Defense Secretary Jim Mattis had sent him to the White House in late 2018 to interview for the top U.S. military post across the Atlantic, with its grand title: supreme allied commander Europe. Mattis wanted someone else, the quiet and cerebral Gen. David L. Goldfein of the Air Force, to be Trump’s next chairman of the Joint Chiefs of Staff.

With the president souring on Mattis, his recommendation quashed Goldfein’s chances. During the meeting, the president — who already liked Milley’s brash demeanor as Army chief of staff — asked which job was better. And Milley went for the top prize: by law, the chairman of the Joint Chiefs of Staff is the nation’s top officer and the senior military adviser to the president.
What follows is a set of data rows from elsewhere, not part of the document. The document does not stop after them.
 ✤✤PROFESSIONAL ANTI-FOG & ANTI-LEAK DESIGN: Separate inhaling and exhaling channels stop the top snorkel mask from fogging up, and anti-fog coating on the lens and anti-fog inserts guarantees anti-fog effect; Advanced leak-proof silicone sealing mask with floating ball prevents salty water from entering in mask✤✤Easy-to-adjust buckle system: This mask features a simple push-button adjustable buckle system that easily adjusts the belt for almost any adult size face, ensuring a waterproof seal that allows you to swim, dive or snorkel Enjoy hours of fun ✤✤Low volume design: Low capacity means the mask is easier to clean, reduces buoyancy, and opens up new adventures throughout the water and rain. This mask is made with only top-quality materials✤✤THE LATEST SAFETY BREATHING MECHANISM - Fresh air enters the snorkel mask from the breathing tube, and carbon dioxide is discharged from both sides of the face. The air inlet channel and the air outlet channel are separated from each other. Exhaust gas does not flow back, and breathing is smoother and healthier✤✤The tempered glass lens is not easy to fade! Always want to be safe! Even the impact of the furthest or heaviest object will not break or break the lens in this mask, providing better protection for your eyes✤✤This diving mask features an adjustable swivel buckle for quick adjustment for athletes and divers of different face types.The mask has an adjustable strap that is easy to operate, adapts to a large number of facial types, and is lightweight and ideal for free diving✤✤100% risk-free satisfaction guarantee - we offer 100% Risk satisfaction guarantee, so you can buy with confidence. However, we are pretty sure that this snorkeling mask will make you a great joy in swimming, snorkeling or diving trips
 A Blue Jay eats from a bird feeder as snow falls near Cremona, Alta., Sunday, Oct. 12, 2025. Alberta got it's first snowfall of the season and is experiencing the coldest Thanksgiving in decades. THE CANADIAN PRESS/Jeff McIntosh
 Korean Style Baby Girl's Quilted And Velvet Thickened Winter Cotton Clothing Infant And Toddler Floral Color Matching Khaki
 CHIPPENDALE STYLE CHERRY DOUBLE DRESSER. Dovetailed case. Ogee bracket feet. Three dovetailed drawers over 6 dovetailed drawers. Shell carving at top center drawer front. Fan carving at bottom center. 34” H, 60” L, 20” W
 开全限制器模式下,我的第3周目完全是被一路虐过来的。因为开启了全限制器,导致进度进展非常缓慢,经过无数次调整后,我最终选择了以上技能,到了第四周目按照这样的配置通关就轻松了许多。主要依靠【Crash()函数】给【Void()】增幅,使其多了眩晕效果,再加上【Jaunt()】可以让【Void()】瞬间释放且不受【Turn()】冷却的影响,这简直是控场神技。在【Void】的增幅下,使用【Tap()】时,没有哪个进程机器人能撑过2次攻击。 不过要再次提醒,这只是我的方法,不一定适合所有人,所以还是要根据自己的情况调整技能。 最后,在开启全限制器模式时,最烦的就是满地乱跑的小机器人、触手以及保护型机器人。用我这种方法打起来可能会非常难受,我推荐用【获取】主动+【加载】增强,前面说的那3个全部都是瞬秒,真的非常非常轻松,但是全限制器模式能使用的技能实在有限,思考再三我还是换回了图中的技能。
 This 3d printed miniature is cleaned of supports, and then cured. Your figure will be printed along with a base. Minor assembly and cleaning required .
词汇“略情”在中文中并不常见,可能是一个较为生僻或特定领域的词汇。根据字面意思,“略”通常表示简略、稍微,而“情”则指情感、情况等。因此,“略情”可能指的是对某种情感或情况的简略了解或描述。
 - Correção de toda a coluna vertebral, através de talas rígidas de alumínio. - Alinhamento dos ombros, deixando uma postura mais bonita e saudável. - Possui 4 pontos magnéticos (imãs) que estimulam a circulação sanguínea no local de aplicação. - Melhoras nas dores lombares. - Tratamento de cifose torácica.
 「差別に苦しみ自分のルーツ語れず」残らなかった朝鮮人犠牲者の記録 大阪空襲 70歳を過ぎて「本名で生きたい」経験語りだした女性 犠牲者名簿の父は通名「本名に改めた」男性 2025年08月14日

But in the last several days, after accompanying the president from the White House to a church in his camouflage uniform as National Guard troops in helmets and riot gear deployed across the country, Milley has quickly become the face of what could amount to the U.S. military’s fall from public grace, to levels not seen since the Vietnam War.

“Milley (he’s a general !?!?) should not have walked over to the church with Trump,” Michael Hayden, the retired Air Force general who has directed both the National Security Agency and the CIA, said on Twitter, noting that he “was appalled to see him in his battle dress.”

Milley’s decision to join Trump “was an egregious display of bad judgment, at best,” said Paul D. Eaton, a retired major general and veteran of the Iraq War, who now serves as a senior adviser at VoteVets.org. “At worst, Milley appears confused about the oath he took to support and defend the Constitution — not a president. I suggest the general get quickly unconfused or resign.”

Milley, his friends say, has agonized over the events of the past week. But he has also managed to persuade Trump not to invoke the 1807 Insurrection Act to deploy active-duty troops across the country to quell protests, a line that a number of American military officials say they will not cross, even if the president orders it.